We’ll be working on the framework for the body this weekend. I’ll add to this post when that part is finished.
HAPPY HALLOWEEN friends!
We had our party this weekend and the kids seemed to love the Grim. Not sure they loved him more than the fog machine I had set up in our fake graveyard, but ah well…
I promised to finish telling you how I did all this, so here it is.
My husband Tom helped me with building the frame of the Grim because I have arthritis AND I’m only 5’5. He’s 6’0 and if you look at the pictures of him standing next to it, it’s somewhere around 7′ or so, which means I need a stepladder to reach past it’s hips.

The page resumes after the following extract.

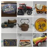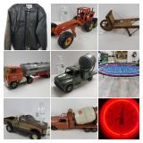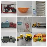 7/27/25 - July Special Antique & Collectibles Consignment Auction Bidding Closes: Sunday, July 27th, 2025, Soft Close Starting at 6pm, 1 lot closes every 10 seconds with a 2-minute extended bidding. https://bidtrice.com 701 Lincoln St, Denton, Maryland 21629 1: Brown M&M Character Display with Glasses and Open Storage Back ~ 2: Cast Iron Fireplace Andirons with Ornate Design ~ 3: Tonka No. 5 Red Toy Fire Truck with Hoses and Ladder ~ 4: ERTL 1/64 AFS Connect Steiger 580 Quadtrac Die-Cast Model ~ 5: Worrell Dairy Frank Schauber Chestertown, MD Milk Bottle ~ 6: Small Uranium Green Glass Pitcher with Geometric Pattern ~ 7: Harris Composition Poker Chips in Original Box ~ 8: Tonka Red Metal Toy Truck with White Tires and Open Bed ~ 9: John Deere ’50’ Tractor 1/16 Scale Die-Cast Metal Model in Box ~ 10: Pyrex 1.5 Quart Divided Dish with Glass Lid, Snowflake Design, Made in USA ~ 11: Genuine Zippo Rotating Display Case With No Key ~ 12: 3 Green Uramium Depression Glass Mixing Bowls with 1 Diamond Crystal Shaker Salt Mark ~ 13: GI Joe Collector’s Case with Assorted Action Figures and Accessories (1984) ~ 14: Budweiser Light Label Sign Electric Wall Clock by D&S Displays ~ 15: 1934 John Deere Model A Ertl 1/16 Scale Die-Cast Tractor with Original Box ~ 16: Buddy L Army Searchlight Truck with Rotating Spotlight ~ 17: Antique Brass Buggy Lamp Lantern ~ 18: 1923 Maryland License Plate ~ 19: 6 Fairykins Play Sets by Marx in Original Packaging ~ 20: Red Pyrex Oval Dish Marked Trade Mark Made in USA ~ 21: Large Stoneware Crock with Blue Star and ’12’ Mark, Lid is Included but Broken ~ 22: AMF Unit 507 Pedal Fire Truck with Metal Accents ~ 23: 2 Scooters with Brown and Blue Frames ~ 24: Blue Pedal Car Police Tricycle With Radar Patrol Decals ~ 25: Blue Ford 9700 Toy Tractor With Matching Pull-Behind Wagon ~ 26: Red Tonka Toy Truck With Yellow and Blue Detailing and Black Roll Bar ~ 27: Pyrex 403 Mixing Bowl with Blue Floral Pattern, 2.5 Quart Capacity ~ 28: Army Engineers Metal Toy Dump Truck with Tipping Bed ~ 29: Red Metal Toy Trailer with Ny-Lint Ford Wheels ~ 30: Shiloh Hurlock, MD Glass Milk Bottle with Red Logo ~ 31: Griswold No. 8 Cast Iron Chicken Pan with Handle #777 ~ 32: 1919 Maryland License Plate ~ 33: Cast Iron Red Train Car With ‘Washington 44’ Markings ~ 34: Tonka Green and Yellow Dump Truck with Black Tires ~ 35: Buddy L Pressed Steel Tow Truck and Jeep Combo ~ 36: Cast Metal Camp Heat Stove with Compact Design ~ 37: Ertl Delaware Electric Co-op Greenwood Toy Utility Truck With Bucket Arm ~ 38: Vintage Postcards and Ephemera ~ 39: Green Glass Juicer With Handle and Ribbed Design ~ 40: Tonka 4000 Dump Truck and Grader Construction Toys ~ 41: Fisher Price Toy Figures, Vehicles, and Accessories ~ 42: Metal Storage Box With Latch Closures and Handles ~ 43: Tonka Vehicle Carrier Toy with Blue Cab and Attached White Trailer ~ 44: Tonka Red Toy Jeep with Black Top and White Wheels ~ 45: Playskool McDonald’s Playset No. 430 With Figures and Accessories ~ 46: Disney Traditions Showcase Collection ‘Romantic Waltz’ Cinderella Figurine ~ 47: Pyrex 443 Orange Wheat Pattern Bowl With Handles, 2.5L ~ 48: 1952 GMC Half Rack Stake Truck 1/34 Scale Die-Cast Model by First Gear ~ 49: 4 Uranium Glass Cups With Fluted and Double-Handled Designs ~ 50: Tonka Ser-Vi-Car Toy Scooter with Tipping Bed and Steering Handle ~ 51: Oliver 1555 Hydra-Power Drive Die-Cast Tractor Model ~ 52: Fisher-Price Phonograph with Accessories and Colored Records ~ 53: Tonka Military Jeep Pair with GR 2-2431 Markings ~ 54: Longaberger Basket with Metal Wagon Cart and John Deere Liner ~ 55: 3 Stackable Pyrex Mixing Bowls with Wheat Pattern ~ 56: White Toy Camper Van with Green Stripes and W Logo ~ 57: Engraved L. Richards Percussion Cap Pistol with Curved Handle ~ 58: Fisher-Price Play Family Village Toy Set ~ 59: Blue Metal Toy Truck With Silver Topper and Label ~ 60: International Harvester Model 1466 Die-Cast Tractor with Accessories ~ 61: Ertl Ford TW-5 FWDA Tractor 1/32 Scale Die-Cast Model in Box ~ 62: Antique Niagara #3 Hand Crank Bench Grinder “The Carborundum Co” Niagara Falls NY ~ 63: Pyrex 543-B 1 1/2 Qt Glass Dish with Snowflake Pattern ~ 64: 1931 Maryland License Plate ~ 65: Red 1948 Ford F-1 Pickup Truck Model with Display Base ~ 66: Elvis Presley PEZ Collectibles and Action Figures ~ 67: Uranium Glass Plates with Reactive Glow Under UV Light ~ 68: Fisher-Price Toys Including Vehicles and Figures ~ 69: Vintage Metal Toy Truck with Red Cab and Blue Cargo Section ~ 70: Dairy-Themed Collectibles Including Tools, Memorabilia, and Advertising Items ~ 71: Uranium Glass Plates and Bowls with Fluorescent Glow ~ 72: Griswold No. 9293 Cast Aluminum Corn Stick Pan Made in USA ~ 73: Sturdi Auto Transport Toy Truck with Trailer in Red and Green ~ 74: Toy Farm Playset with Barn, Silo, Figures, and Accessories ~ 75: 2 Pyrex Mixing Bowls in Green and Yellow ~ 76: Black Metal Toy Truck With Silver And Yellow Accents ~ 77: 1952 GMC Dry Goods Van and 1957 International R-190 Fuel Tanker Models ~ 78: Glass Lance Jar with Red Metal Lid and Offset Branding ~ 79: Blue Glass Rooster-Shaped Lidded Dish on Pedestal ~ 80: Case IH Magnum 305 1:32 Die-Cast Model by Ertl in Original Packaging ~ 81: Uranium Glass Dishware With Etched Floral Designs ~ 82: Green Buddy L Army USA-5415 Toy Truck With 6 Wheels ~ 83: 1980 Maryland Farm Truck License Plate ~ 84: Cobalt Blue Glass Hen on Nest Covered Dish ~ 85: Sierra Nevada Brewing Co Neon Light Sign With Power Adapter ~ 86: Cast Iron Horse-Drawn Circus Wagon With Driver and Animals ~ 87: Hubley Cowboy Repeating Cap Pistol with Original Box No. 275 ~ 88: Black Americans Red F&F Mold & Die Works Figurines Salt and Pepper Shakers ~ 89: Blue Glass Jar With Lid Containing Colorful Marbles ~ 90: Nesting Pyrex Mixing Bowls with Butterfly Gold Pattern and Solid Green ~ 90a: M.T.H. 2001 McDonald’s Drive-Thru Model With Sign and Details ~ 90b: Cart With Pull Handle and Wheels, 18″x 12

Most of the frame is built from 1×2’s and 1×3’s which means it’s very light for lumber, but also fragile and not especially stable. We changed up the build a bit from the Pin I was working off of, which helped some, but he still lost an arm during a storm the following evening that had to be put back on once he was moved to the barn. I managed to knock the other off as well while moving him.
Betty Cat decided she wanted to help with the build. 🙂
I can’t tell ya’ll how glad I am to be on here right now instead of TikTok. I had NO freaking idea how incredibly awful it would be to listen to myself talk for 6 minutes about this stuff. I’m so bad at it. Give me the keyboard any day. I can’t freaking backspace when I’m talking and it’s incredibly annoying.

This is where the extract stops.